Il trovatore

opera in two acts

music by Giuseppe Verdi

3 hours 10 minutes
for viewers over 16 years old
performed in Italian (with Russian surtitles)

The production of Théâtre Royal de la Monnaie (2012)

The intricate, medieval plot of the opera, often considered impossible to even retell in a succinct manner, is presented by Dmitri Tcherniakov on a small scale, in an intimate performance. The five characters, connected by their terrible family past, grapple with the secrets that torture them, and attempt to escape their oppressive entrapment. Despite all being victims of events in the distant past, none of them understand the full details until the very end. Intentionally confined to the closed space of an abandoned house — where no outsiders or incidental or otherwise unimportant characters can enter — the protagonists try to establish exactly what happened in the past and untangle the grim knot of mysterious events and coincidences. They remain in the building until the very end of the drama, effectively held hostage, with no way of saving themselves, hiding, or pulling out.

When staged in 2012 at the La Monnaie theatre in Brussels, Dmitri Tcherniakov’s interpretation of Il trovatore became one of the most widely discussed productions in European opera. A new chapter in its history on stage begins in Russia this autumn at the Mikhailovsky Theatre.

In Salvadore Cammarano’s libretto

In the production at the Mikhailovsky Theatre

The events take place in Spain in the 15th century

The events take place in our days
What would have happened to Il trovatore characters if things had turned out differently and they hadn’t died in the tragic ending of the opera?
Meeting of Leonora, Manrico, Di Luna, Az¬ucena, and the old Ferrando. They get an invitation to some place where they are to solve the problems and secrets of the past. It was arranged by Azucena. She locks the door and lets them start.

SCENE ONE: In count di Luna’s castle

To keep the watch awake, the old warrior Ferrando, recounts the terrible story of the Count’s family. Di Luna’s father had two sons. Once, an old gypsy woman was seen near the cradle of one of them. She was chased away, but the baby became sick, and the gypsy was accused of having bewitched it and was burned. The gypsy’s daughter then took revenge by kidnapping the boy. Soon after, the charred skeleton of a baby was discovered at the place where the gypsy was burned. Dying old count commanded the son to seek his brother.

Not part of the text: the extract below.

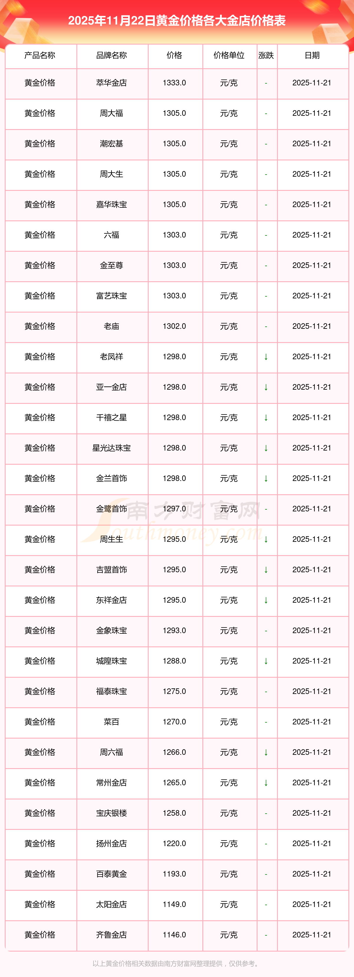 今天是2025年11月22日,周大福、周大福、周大福、周大福、周大福、周大福、周大福、老凤祥、老凤祥、老凤祥、周六福等各大金店品牌黄金价格最新价格如下:周大福1305.0元/克、周大福616.0元/克、周大福1305.0元/克、周大福45110.0、周大福17570.0、周大福40690.0、周大福1143.0元/克、老凤祥1298.0元/克、老凤祥600.0元/克、老凤祥1298.0元/克、周六福1266.0元/克。

Azucena invites them to role-play in order to blame Di Lu¬na’s family. Ferrando tries to recall the bygone events and involves Manrico and Di Luna in reconstructing the past.

SCENE TWO: In the garden

Dark night. Leonora waits for her beloved. She confesses to her friend Inez that she is in love with the brave troubadour. Inez advises her to forget this passion. Count di Luna appears in the garden. He is desperately in love with Leonora. The troubadour’s song is heard. Leonora rushes out to greet him but is seized instead by di Luna. She takes him for her beloved and whispers words of love. The troub adour appears and Leonora realizes her mistake. Di Luna identifies the troubadour as his enemy Manrico and draws his sword. Leonora tries to stop the duel, but in vain.


Azucena makes them sort out their relationships openly. She decides to help Leonora to call up the dramatic scene when Leonora, Manrico, and Count di Luna came across each other for the first time. The members of the love triangle can’t conceal their emotions. All the passions of the past come back.

SCENE THREE: In the gypsy camp

Manrico was badly wounded but his mother, the gypsy Azucena, has nursed him back to health. Azucena tells him a horrific story of past. The daughter of the burned gypsy, many years ago she stole the Count’s infant son but the child she murdered was in fact her own. She asks Manrico to take revenge. A messenger reports that Leonora, who believes Manrico dead, is about to enter a convent to escape the grasp of Di Luna. Manrico rushes away to stop Leonora.


Azucena lifts the curtain over her gypsy past dwelling upon her and Manrico’s life in the gypsy camp. She decides to ex¬press the painful story of her revenge and her guilt.

SCENE FOUR: In the convent

Di Luna thinks the troubadour dead and storms the walls of the convent to take Leonora by force. Seeing Leonora among the nuns, he rushes to her, but is prevented by the attack of Manrico and his men. Di Luna’s troops are defeated and flee. Leonora cannot believe her eyes; she rushes into Manrico’s arms.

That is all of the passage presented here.